Joseph Hulihan: Yes. We’ve been working on this with Henri Vaitkevicius, our former Brigham ICU doc who’s been really leading the design on this. And we’re looking, as Scott mentioned, single-arm open-label trial — the dosing regimen is different. It’s — whereas RAISE is 48 hours, it’s been several days. This dosing regimen we’ve implemented more recently for the emergency INDs and without as much of a bolus up front, it’s really a different approach. We start the drug while the patients on IV anesthesia continue it for a period of time and then bring it down. And a dose of total — high daily doses 1,050 milligrams per day. And as Scott mentioned, was 63 grams of Captisol. And as I said, we’ve treated over 25 patients with this regimen, including children.
And we haven’t seen any safety signals from this higher regimen. And it looks like this higher dose regimen, it’s hard to say based on the INDs with 100% certainty, but it looks like it’s having an effect beyond the regimen that we had used previously, which was basically the raise regimen. So we really want to make sure that if docs are going to use it, that they use it appropriately. It’s not anything we promote, but I do think potentially they use it. And so the dosing regimen is different, and we want to get some data on that from a clinical trial.
Douglas Tsao: And so Joe, just as a final clarify. So would you anticipate having that new dosing regimen on the label itself? Or would it just be to get the higher dosing limits sort of on the label?
Joseph Hulihan: I mean this is a first step. It’s a proof-of-concept study. So I think it depends on what we see there. But I mean we’re just taking it a step at a time. We really need to see kind of safety and preliminary efficacy from a proof-of-concept study. And Scott, I don’t know if you have any more comments about the dosing.
Scott Braunstein: No, I think you’re right on target, Joe. I think, Doug, after we have this data, we’ll go to the FDA, the team is ready to go, and we’ll hear what they have to say. And we certainly see it as next steps. I mean I think I’d love to see us get safety into the label, but we haven’t had those discussions with the agency yet, but certainly, that would be our goal, our hope and our plan. .
Douglas Tsao: Okay great.
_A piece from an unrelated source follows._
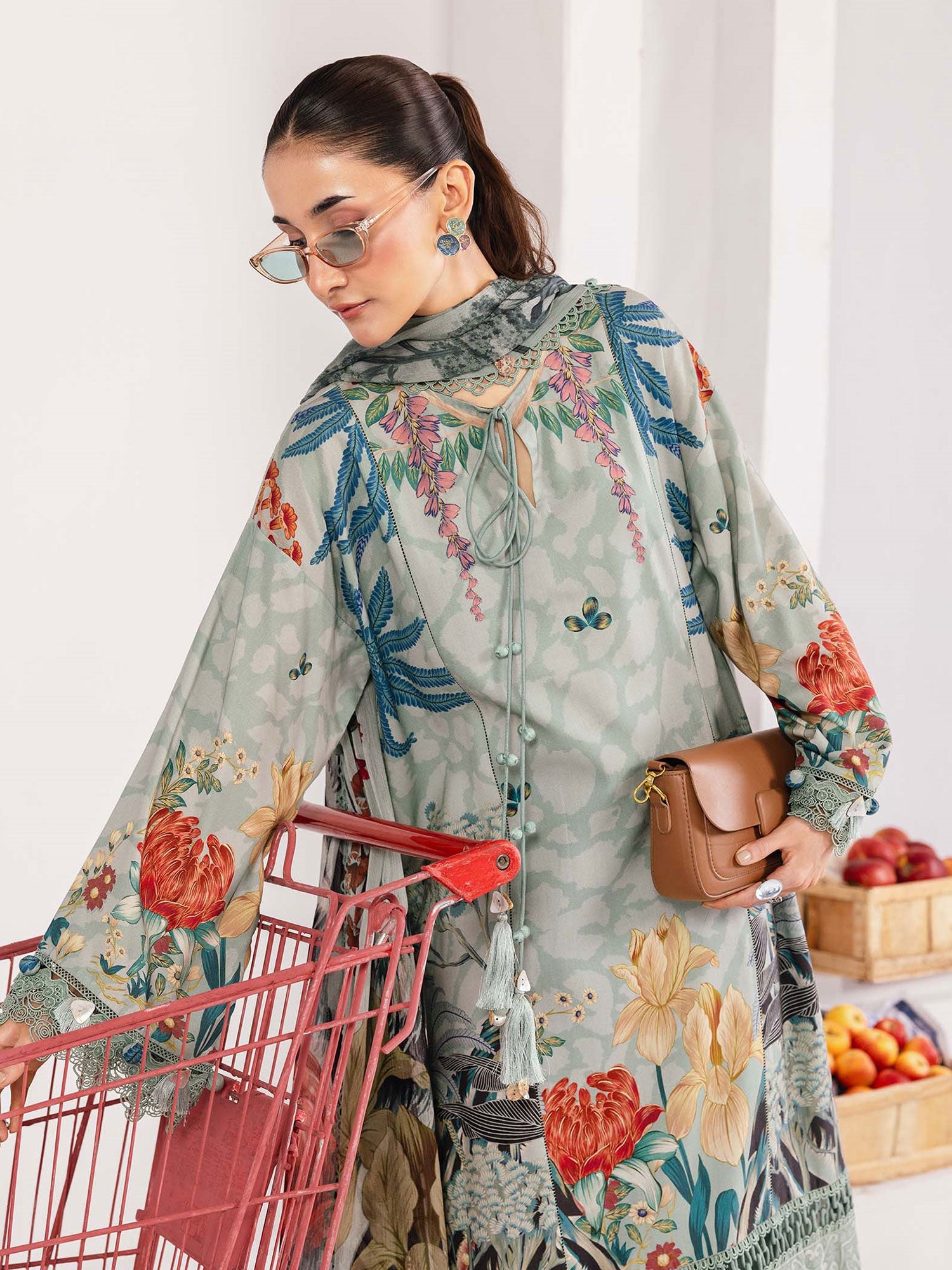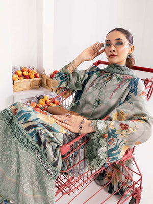 Maria.B Unstitched Winter Linen Suit (MB-CUS25-1109A) - Green

Thank you so much.
Joseph Hulihan: Thanks for the question.
Operator: And we’ll take our next question from Jason Butler with Citizens JMP. Your line is open.
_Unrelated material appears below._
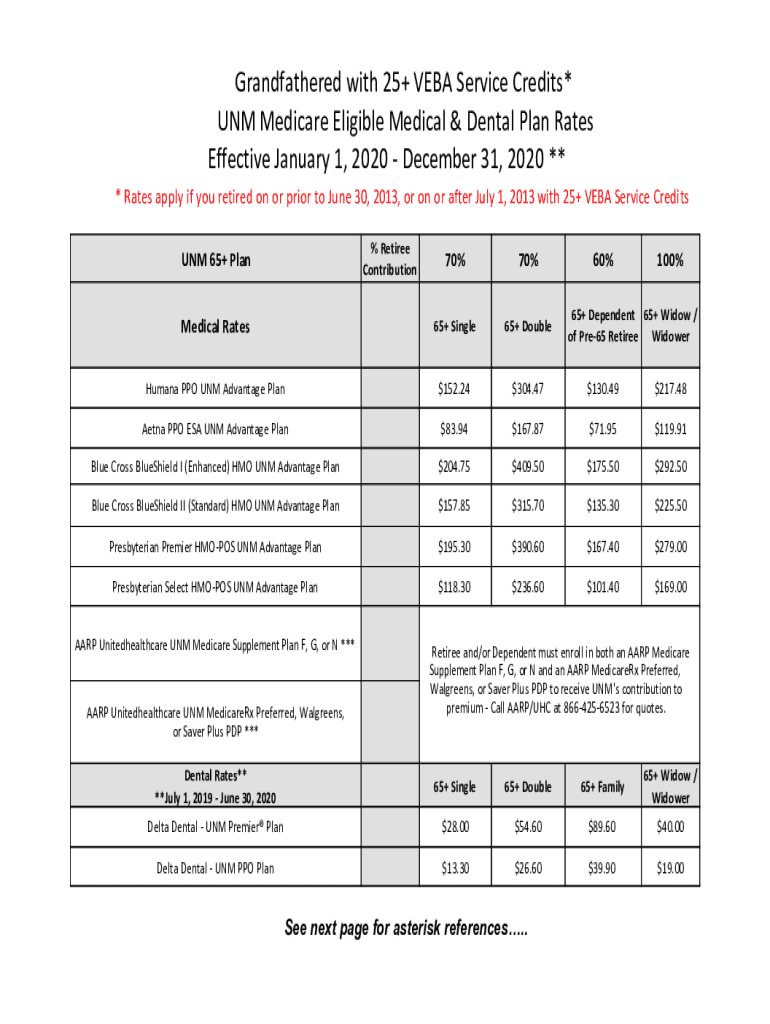 Grandfathered with 25+ VEGA Service Credits* UNM Medicare Eligible Medical & Dental Plan Rates Effective January 1, 2020, December 31, 2020 ** * Rates apply if you retired on or prior to June 30,

Jason Butler: Hi. Thanks for taking the question, and let me add my congrats on all the progress. Just one about the proof-of-concept study for oral ganaxolone and Lennox-Gastaut and the other rare epilepsies. Can you maybe just speak to the amount of data you would need to generate from that study before moving into a registration study in any specific patient population? And would there be any opportunity in that study to introduce the next-gen formulation, the prodrug formulation or when would be the first time that you could bring that formulation into this patient population? Thank you.